Know that you are Noah, and that your flesh is the ark.

Your flesh that is the ark that will carry the myriad wild beasts.

Traveler whose heart wanders lost in a wild sea of fate upon the raging floodwaters.

People, you will come to seek rest. You will release to Heaven the dove of peace that is within.

You will search for a peaceful land.

Seek and you will receive. Pray and you will be heard. Knock and it will open.

People, you will become Ararat. You will someday attain the summit of enlightenment.

Then will you stand in the eternal land. Then will you unload the myriad wild beasts.

You will become light itself. You will return to the light that is you.


[That which is of the flesh shall with the flesh be destroyed. That which is of the spirit shall live a life of eternity.]


These are the words of a saint, but with the conflicts and struggles raging in the world of religion today, I have chosen to eradicate the religiosity of the phrase by not indicating the name. There are those, however, who know these famous words.

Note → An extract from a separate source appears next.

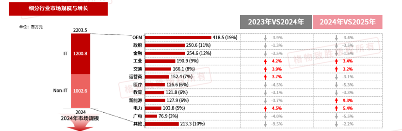 - 单相产品IT行业业绩体量高于Non-IT行业, IT应用相比2023年占比略有提高, 主要的业绩增长点集中于运营商和交通上, Non-IT应用占比下降较为严重,受OEM、医疗、金融和新能源领域项目订单量减少,同比去年下降18.8%。

If you compare the poem “Noah” with the words of this saint, you will find that you approach the question of the innate nature of man as being fundamentally good or fundamentally evil. Seen from the spiritual dimension, you recognize that man’s nature is “nothingness, emptiness, and fundamentally good.”

Because people are made of flesh, they revolt against their conscience. They give in to their appetite, to their sexual desire, and to their greed in order that the flesh may thrive. They oppose all other things, and are consumed by their combative instincts and passions. The intellect becomes egotistical and reason fades. They commit all variety of sin and show not the least constraint.